Anak Laki-Laki Makin Rentan Terkena Kejahatan Seksual

JAKARTA – Koordinator Tim Ahli Pengarusutamaan Gender di sembilan Perguruan Tinggi Keagamaan Islam sekaligus  Wakil Ketua Komisi Perlindungan Anak Indonesia (KPAI) Susanto mengatakan, terungkapnya kasus kejahatan seksual terhadap anak di Bogor telah menghebohkan publik.

“Bahkan menurut Direktur Tindak Pidana Ekonomi Khusus Bareskrim Polri Brigjen Pol Agung Setya,  saat awal penelusuran pelaku AR, hanya diketahui korbannya sebanyak delapan antara lain terdiri dari tujuh anak. Namun, daftarnya ada 99 anak yang diduga menjadi obyek eksploitasi seksual pelaku dan jaringannya,” katanya, Selasa, (27/9).

Pelaku atau germo yang menjual anak laki-laki di Bogor, ujar Susanto, tampaknya merupakan residivis dan telah mengalami proses hukum yang mirip. Hanya saja, kasus pertama korbannya perempuan, namun kasus terakhir mengalami perbedaan pola. Yakni, pelaku justru mengesploitasi anak laki-laki untuk kaum penyuka sesama jenis.

Kasus tersebut, menurut Susanto, merupakan bagian kecil dari kompleksitas kasus yang ada. Kata dia, masih banyak kasus kejahatan seksual, trafficking,  pornografi, prostitusi, penelantaran dengan modus yang semakin canggih dan selalu bermetamorfosis dari waktu ke waktu, seiring dengan perubahan sosial dan perkembangan teknologi yang semakin pesat.

“Semakin canggihnya modus kejahatan, kerentanan tidak hanya pada perempuan dan anak perempuan. Namun anak laki-laki juga rentan tergantung konteks dan lingkungan sosial berada,” kata dia.

Kejahatan terjadi sangat dinamis. Perempuan, anak, dan kelompok rentan seringkali menjadi obyek kejahatan dengan berbagai modus dan bentuknya. Kejahatan merupakan bentuk nyata dari penyimpangan sosial dan berpotensi mencetak pelaku baru.

Menurut teori pergaulan berbeda (Differential Association) Edwin H. Sutherland, ucap Susanto, penyimpangan perilaku akibat dari pergaulan dengan sekelompok orang yang telah menyimpang bisa terjadi. Penyimpangan diperoleh melalui proses alih budaya (cultural transmission). Melalui proses ini seseorang mempelajari suatu subkebudayaan menyimpang (deviant subculture), sehingga melakukan tindakan yang sama.

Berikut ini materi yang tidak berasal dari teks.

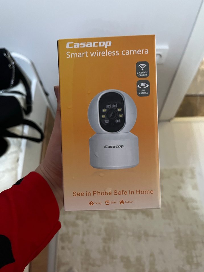 Casacop akıllı kablosuz kamera, 2.4 GHz bağlantı ve 360° dönebilen PTZ özelliği ile ev güvenliği sağlar. Telefonla izleme desteği bulunur.
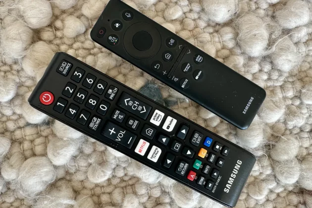 Навигация по интерфейсу смарт-телевизора, а также по понятным и простым меню настройки может осуществляться несколькими способами. Доступно голосовое управление Amazon Alexa (а также Bixby, для самых странных), и в комплект входят два пульта дистанционного управления. Один из них довольно маленький, сделан из жёсткого и дешёвого на ощупь пластика и подходит для любых случаев, а другой ещё меньше, сделан из жёсткого и дешёвого на ощупь пластика и подходит только для самых распространённых функций.

Kehidupan dan kegiatan akademik seyogyanya selalu berkembang, bergerak maju bersama dinamika perubahan sosial. Saat masyarakat dihadapkan pada kompleksitas masalah kekerasan berbasis gender, lazimnya budaya akademik menangkap sinyal, bukan justru menjaga jarak dan ekslusif.

Melihat kompleksitas kerentanan perempuan dan anak dari segala bentuk kejahatan, kekerasan, diskriminasi dan marginalisasi, kata dia, maka budaya akademik sangat dinantikan relevansinya. “Perguruan tinggi termasuk Perguruan Tinggi Keagamaan Islam (PTKI), perlu melakukan pengembangan kultur akademik sebagai basis penguatan perspektif, kepekaan dan keterampilan, jika para alumni ingin menjadi bagian dari solusi, bukan menjadi bagian dari masalah,” tandasnya.